Task to carry out: In the records below, find the line with "A graceful mauve-pink" and the line with "訴訟は、中国メーカのTCL社". Print both exactly, along with every line between them, and no other line.

* * *

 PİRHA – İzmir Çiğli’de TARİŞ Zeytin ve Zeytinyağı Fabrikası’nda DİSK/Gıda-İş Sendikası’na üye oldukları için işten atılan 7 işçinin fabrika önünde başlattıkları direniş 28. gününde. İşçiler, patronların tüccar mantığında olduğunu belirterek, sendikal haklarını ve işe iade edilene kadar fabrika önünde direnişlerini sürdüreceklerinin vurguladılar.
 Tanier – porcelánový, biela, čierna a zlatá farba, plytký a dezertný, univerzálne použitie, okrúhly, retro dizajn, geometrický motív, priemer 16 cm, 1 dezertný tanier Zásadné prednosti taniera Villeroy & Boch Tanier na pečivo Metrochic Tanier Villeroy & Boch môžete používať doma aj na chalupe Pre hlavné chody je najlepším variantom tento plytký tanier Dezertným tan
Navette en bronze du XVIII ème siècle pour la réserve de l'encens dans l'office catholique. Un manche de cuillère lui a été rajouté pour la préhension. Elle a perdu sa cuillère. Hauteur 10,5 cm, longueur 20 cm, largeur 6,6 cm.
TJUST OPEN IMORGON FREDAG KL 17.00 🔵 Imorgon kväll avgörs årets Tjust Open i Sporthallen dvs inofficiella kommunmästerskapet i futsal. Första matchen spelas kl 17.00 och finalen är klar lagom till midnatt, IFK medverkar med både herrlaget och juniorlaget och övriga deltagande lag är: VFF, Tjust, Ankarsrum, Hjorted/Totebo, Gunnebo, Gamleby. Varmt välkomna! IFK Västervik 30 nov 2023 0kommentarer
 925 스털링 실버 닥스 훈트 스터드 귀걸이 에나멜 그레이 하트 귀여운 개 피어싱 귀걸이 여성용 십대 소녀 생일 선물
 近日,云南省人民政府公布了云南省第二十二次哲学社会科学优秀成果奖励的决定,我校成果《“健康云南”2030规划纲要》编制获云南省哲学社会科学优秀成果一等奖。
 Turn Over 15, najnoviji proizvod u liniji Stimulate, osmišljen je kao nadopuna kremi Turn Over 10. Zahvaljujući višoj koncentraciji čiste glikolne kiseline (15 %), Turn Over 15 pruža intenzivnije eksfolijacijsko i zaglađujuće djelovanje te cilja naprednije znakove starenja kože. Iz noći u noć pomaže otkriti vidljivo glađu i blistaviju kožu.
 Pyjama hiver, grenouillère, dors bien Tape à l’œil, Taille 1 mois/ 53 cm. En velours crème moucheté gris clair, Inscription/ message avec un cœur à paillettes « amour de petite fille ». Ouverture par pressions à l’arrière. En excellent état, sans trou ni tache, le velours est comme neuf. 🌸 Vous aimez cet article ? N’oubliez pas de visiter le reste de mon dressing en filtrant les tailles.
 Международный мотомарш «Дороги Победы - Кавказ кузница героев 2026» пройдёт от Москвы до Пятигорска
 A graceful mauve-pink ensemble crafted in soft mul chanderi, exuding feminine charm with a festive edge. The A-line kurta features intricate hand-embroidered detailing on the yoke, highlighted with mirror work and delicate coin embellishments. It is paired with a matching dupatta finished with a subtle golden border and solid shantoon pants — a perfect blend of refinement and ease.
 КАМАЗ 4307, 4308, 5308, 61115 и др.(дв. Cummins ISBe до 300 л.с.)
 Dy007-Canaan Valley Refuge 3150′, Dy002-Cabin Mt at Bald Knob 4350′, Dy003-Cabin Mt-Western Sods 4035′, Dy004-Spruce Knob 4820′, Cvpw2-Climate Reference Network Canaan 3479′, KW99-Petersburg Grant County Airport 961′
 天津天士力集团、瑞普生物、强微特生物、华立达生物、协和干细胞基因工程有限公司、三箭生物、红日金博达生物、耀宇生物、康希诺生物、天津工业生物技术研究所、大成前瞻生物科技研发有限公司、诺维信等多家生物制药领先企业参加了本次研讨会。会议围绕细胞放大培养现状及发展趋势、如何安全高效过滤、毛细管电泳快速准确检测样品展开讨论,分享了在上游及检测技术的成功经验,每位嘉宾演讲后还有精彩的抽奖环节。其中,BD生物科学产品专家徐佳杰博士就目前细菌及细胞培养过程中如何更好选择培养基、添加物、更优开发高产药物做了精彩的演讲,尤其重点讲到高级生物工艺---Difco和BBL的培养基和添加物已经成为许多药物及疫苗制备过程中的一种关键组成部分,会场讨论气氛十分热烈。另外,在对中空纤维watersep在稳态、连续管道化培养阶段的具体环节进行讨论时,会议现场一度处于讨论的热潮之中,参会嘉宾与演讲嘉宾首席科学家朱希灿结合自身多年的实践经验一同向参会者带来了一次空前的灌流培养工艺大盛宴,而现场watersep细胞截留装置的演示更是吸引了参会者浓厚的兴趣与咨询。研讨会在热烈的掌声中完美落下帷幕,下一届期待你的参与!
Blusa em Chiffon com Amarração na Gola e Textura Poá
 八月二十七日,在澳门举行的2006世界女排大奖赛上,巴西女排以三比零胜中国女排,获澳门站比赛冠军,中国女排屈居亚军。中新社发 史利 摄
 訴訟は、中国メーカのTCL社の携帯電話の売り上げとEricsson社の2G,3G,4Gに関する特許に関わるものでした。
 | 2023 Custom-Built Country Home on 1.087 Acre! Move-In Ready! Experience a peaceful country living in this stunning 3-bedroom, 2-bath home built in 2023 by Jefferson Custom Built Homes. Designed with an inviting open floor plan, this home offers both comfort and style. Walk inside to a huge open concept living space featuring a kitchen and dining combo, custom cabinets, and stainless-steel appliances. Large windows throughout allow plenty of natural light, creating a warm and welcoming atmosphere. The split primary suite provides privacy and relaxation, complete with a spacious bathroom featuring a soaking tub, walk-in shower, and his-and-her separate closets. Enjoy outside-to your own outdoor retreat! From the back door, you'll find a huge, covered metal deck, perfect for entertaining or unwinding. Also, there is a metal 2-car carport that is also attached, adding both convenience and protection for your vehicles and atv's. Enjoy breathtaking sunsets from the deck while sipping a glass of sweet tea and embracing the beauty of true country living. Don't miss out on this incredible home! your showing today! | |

* * *

Solution to this problem:
 A graceful mauve-pink ensemble crafted in soft mul chanderi, exuding feminine charm with a festive edge. The A-line kurta features intricate hand-embroidered detailing on the yoke, highlighted with mirror work and delicate coin embellishments. It is paired with a matching dupatta finished with a subtle golden border and solid shantoon pants — a perfect blend of refinement and ease.
 КАМАЗ 4307, 4308, 5308, 61115 и др.(дв. Cummins ISBe до 300 л.с.)
 Dy007-Canaan Valley Refuge 3150′, Dy002-Cabin Mt at Bald Knob 4350′, Dy003-Cabin Mt-Western Sods 4035′, Dy004-Spruce Knob 4820′, Cvpw2-Climate Reference Network Canaan 3479′, KW99-Petersburg Grant County Airport 961′
 天津天士力集团、瑞普生物、强微特生物、华立达生物、协和干细胞基因工程有限公司、三箭生物、红日金博达生物、耀宇生物、康希诺生物、天津工业生物技术研究所、大成前瞻生物科技研发有限公司、诺维信等多家生物制药领先企业参加了本次研讨会。会议围绕细胞放大培养现状及发展趋势、如何安全高效过滤、毛细管电泳快速准确检测样品展开讨论,分享了在上游及检测技术的成功经验,每位嘉宾演讲后还有精彩的抽奖环节。其中,BD生物科学产品专家徐佳杰博士就目前细菌及细胞培养过程中如何更好选择培养基、添加物、更优开发高产药物做了精彩的演讲,尤其重点讲到高级生物工艺---Difco和BBL的培养基和添加物已经成为许多药物及疫苗制备过程中的一种关键组成部分,会场讨论气氛十分热烈。另外,在对中空纤维watersep在稳态、连续管道化培养阶段的具体环节进行讨论时,会议现场一度处于讨论的热潮之中,参会嘉宾与演讲嘉宾首席科学家朱希灿结合自身多年的实践经验一同向参会者带来了一次空前的灌流培养工艺大盛宴,而现场watersep细胞截留装置的演示更是吸引了参会者浓厚的兴趣与咨询。研讨会在热烈的掌声中完美落下帷幕,下一届期待你的参与!
Blusa em Chiffon com Amarração na Gola e Textura Poá
 八月二十七日,在澳门举行的2006世界女排大奖赛上,巴西女排以三比零胜中国女排,获澳门站比赛冠军,中国女排屈居亚军。中新社发 史利 摄
 訴訟は、中国メーカのTCL社の携帯電話の売り上げとEricsson社の2G,3G,4Gに関する特許に関わるものでした。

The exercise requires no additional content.